This article is the first in a series describing some key technical features of each part of the new SMPTE ST 2110:2017 "Professional Media Over Managed IP Networks" standard.
At the time of writing, the SMPTE 2110 standard comprises multiple parts, with more to be added in the future. The first three parts are:
· ST 2110-10 System Timing and Definitions
· ST 2110-20 Uncompressed Active Video
· ST 2110-30 PCM Digital Audio
Several parts on video traffic shaping and ancillary data will be added in the near future.
To begin this series, ST 2110-10 is an excellent starting point. We begin by defining a series of common elements applicable to the remaining standards in the 2110 family.

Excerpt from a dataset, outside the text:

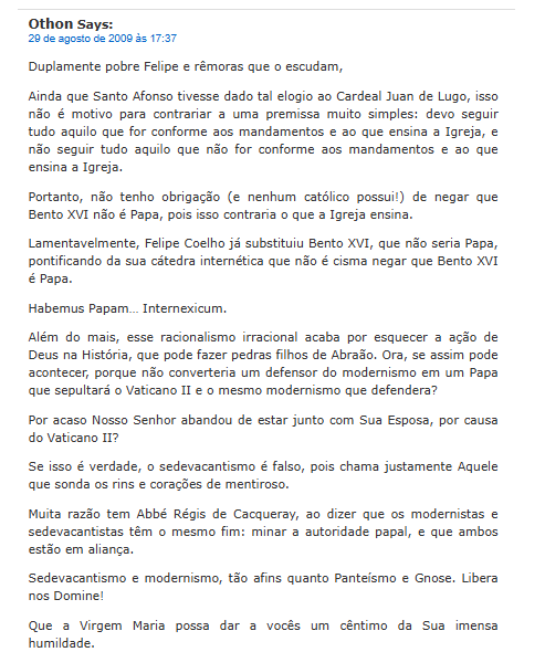 5 de dezembro de 2009 às 16:55 Prezado Othon Campos, da Montfort, Salve Maria! Hesitei muito em publicar este seu último comentário péssimo, mas por fim resolvi lhe responder, pois já o tive como amigo e tenho esperança de, quem sabe, ajudá-lo um pouco a ver melhor nessas questões, bem como para a edificação dos demais. Pois há muitos erros gravíssimos embutidos no que você diz, que tentarei explicitar a seguir. Para facilitar, dividirei-os em breves itens. Após o insulto de abertura – ao qual ainda voltarei, pois faz injustiça a meus amigos –, você começa com a seguinte enormidade: “Ainda que Santo Afonso tivesse dado tal elogio ao Cardeal Juan de Lugo, isso não é motivo para contrariar… os mandamentos e [o] que ensina a Igreja.” (Othon Campos/Montfort). Há tantos erros implícitos nesse breve trecho, que mal sei por onde começar! Vejamos: 1. Um primeiro erro seu aí, Othon, é julgar que De Lugo (na citação que dele fiz e que você critica) estaria enunciando algum tipo de tese própria dele, quando, na verdade, ele está apenas ensinando uma doutrina bastante corriqueira em teologia. Se você tivesse tido a prudência (e os bons modos…) de ler o breve estudo indicado por meus amigos, que tiveram a caridade de parar para ajudá-lo e quem sabe impedir esta sua longa humilhação (rezemos que salutar) à qual você me obriga agora (mas perderam tempo e ainda receberam como gratidão o seu desprezo!), você teria visto ali também, Othon, por exemplo, a seguinte citação, juntamente com a do Cardeal De Lugo: “Não podem, afinal, ser contados entre os cismáticos aqueles que recusam obedecer ao Romano Pontífice por considerarem a pessoa dele digna de suspeita ou duvidosamente eleita…” (Wernz-Vidal, Ius Canonicum, vol. vii, n. 398). Ou seja, tanto os maiores teólogos quanto os maiores canonistas concordam nesse ponto, meu caro. E um bom católico não é de modo algum livre para ir contra o parecer deles. 2. Para você se dar conta ainda melhor do nível de ignorância subjacente à sua arrogância, saiba que mesmo não houvesse essa concordância dos teólogos e canonistas, que no entanto existe, ainda assim uma autoridade como a do Cardeal De Lugo já nos permitiria seguir a opinião dele sem peso na consciência, pois: “No obstante que no exijan por esto unos de otros algo más de lo que exige a todos la que es Maestra y Madre de todos, la Iglesia: pues en aquello, acerca de lo cual en las escuelas católicas suele discutirse unos poniéndose en una línea y otros en otra opuesta entre autores de la más reconocida solvencia, a nadie debe prohibírsele seguir aquella sentencia que le parezca la más verosímil” (PIO XI, cf. Denzinger 2192). E olhe que você poderia ter encontrado esta citação, que talvez lhe tivesse feito recuar antes de proferir seus disparates, facilmente neste mesmo blogue: bastaria clicar em “questões disputadas” na minha breve postagem acima, justamente a que você clicou para comentar… 3. O seu terceiro erro, também típico do meio de onde você vem, é julgar-se (“humildemente”) melhor intérprete dos ensinamentos e mandamentos da Santa Igreja do que os teólogos e doutores designados, aprovados e recomendados por nossa Mãe e Mestra, coisa que nem você nem seu professor jamais foram. Novamente, se você tivesse tido os bons modos (e a prudência… afinal, que tipo de tolo desfere um ataque antes de procurar conhecer nem que seja superficialmente as tropas adversárias?) de ler ao menos o estudo que indiquei, no roteiro acima, como “a tradução inaugural e, sob certo sentido, a principal deste blog”, teria visto os textos magisteriais, os exemplos da história e a sã doutrina teológica que respaldam esse modo de proceder, infelizmente tão negligenciado em meios tradicionalistas. Cito-lhe aqui apenas um passo; veja como a objeção parece tirada da sua própria boca, Othon, ou de quem você imita: “Objeções [à Autoridade dos Teólogos] e Respostas. (A-C: Pe. Schultes; D: Pe. Cekada) [...] E. *Interpretações Privadas [Livre-Exame] dos Pronunciamentos Magisteriais.* “Eu acho que os pronunciamentos infalíveis da Igreja são todos bem claros. Eu não preciso de ‘interpretações’ ou explicações de teólogos. Eu simplesmente entendo tudo literalmente.”

Specifically, ST 2110-10 defines the transport layer protocol, datagram size limitations, Session Description Protocol (SDP) requirements, and clocks along with their timing relationships.

2110 Datagrams
The Real-time Transport Protocol (RTP, as defined in IETF RFC 3550) was chosen for 2110 applications because it contains many features required for transmitting media signals over IP networks, while lacking some undesirable aspects of TCP (Transmission Control Protocol). Using RTP, uncompressed media samples are segmented into datagrams, each prefixed with both an RTP header and an additional UDP header before being passed to the IP layer for further processing. ST 2110-10 defines a standard 1460-byte UDP payload size limitation (including UDP and RTP headers), which provides sufficient space for over 450 24-bit audio samples or approximately 550 pixels of 4:2:2 10-bit uncompressed video signals. 2110 also defines an extended UDP size limitation of 8960 bytes, which may be useful on networks supporting Ethernet jumbo frames.
Timing is Everything
Perhaps the most critical aspect of ST 2110-10 relates to clocks and timing. Unlike SDI and MPEG transport streams, each media type in a 2110 system is transmitted as an independent IP packet stream. This necessitates a mechanism to realign them according to their correct temporal relationships once the signals traverse a network. Figure 1 shows several different clocks defined in this specification; each clock serves a specific purpose:
The Precision Time Protocol (PTP) is used to distribute a common reference clock (accurate to within 1 ms) to every device on the network;Each signal source maintains an internal device clock, which can (and should) be synchronized to the common reference clock;Each signal type corresponds to a media clock advancing at a fixed rate, associated with the frame rate or sampling rate of each media signal;An RTP clock is used within each signal source to generate the RTP timestamps included in the header of each RTP datagram for that media signal.The RTP clocks are synchronized to their respective media clocks.
To understand how these clocks relate, consider an audio source sampled at 48 kHz. Within that audio source (e.g., a microphone network adapter), an internal device clock will run, providing the overall timebase for this device. This clock should be synchronized to the accurate common reference clock delivered via PTP over the network, which in most cases will itself be synchronized to a GPS receiver. The internal device clock is then used to establish a media clock running accurately at 48 kHz, so each "tick" of the media clock counter will correspond to an audio sampling instant. The RTP clock used for the audio stream will then be directly related to the media clock and used to generate the RTP timestamps within each datagram's header.
The RTP timestamps used in 2110 systems represent the actual sampling time of the media signal contained within each datagram. For an audio datagram (typically containing more than one sample per channel), the RTP timestamp represents the sampling time of the first audio sample contained in the datagram. For video datagrams (typically requiring multiple datagrams to transmit each video frame), an RTP timestamp may be shared by hundreds or even thousands of datagrams. Note that individual datagrams will have unique packet sequence numbers, allowing them to be distinguished from each other and used for purposes such as packet loss detection and error correction.
As datagrams traverse the IP network, they will typically encounter varying amounts of transmission delay. This may arise from buffering within IP network devices or potentially from different processing measures applied to various media types. At their destination, the timestamps within the RTP datagram headers can be used to align all the different media samples onto a common timeline, allowing individual audio and video signals to be correctly synchronized for processing, playout, or storage.
The ability to precisely synchronize multiple media types at any point in a broadcast chain provides one of the primary values of 2110.
It allows each media stream to be processed independently. This means a device performing audio level normalization no longer needs to de-embed audio from an SDI video stream, process the audio, and then re-embed it back into SDI. Instead, each media signal can follow its own path through the processing steps required only for that type of media, and still be resynchronized to other media when necessary. Furthermore, if all media clocks are referenced to a GPS-sourced clock, then via 2110, two cameras hundreds of meters or even hundreds of kilometers apart can be genlocked together without needing to send a sync signal from one to the other. This is a very cool thing. Subsequent articles will discuss SDP (Session Description Protocol).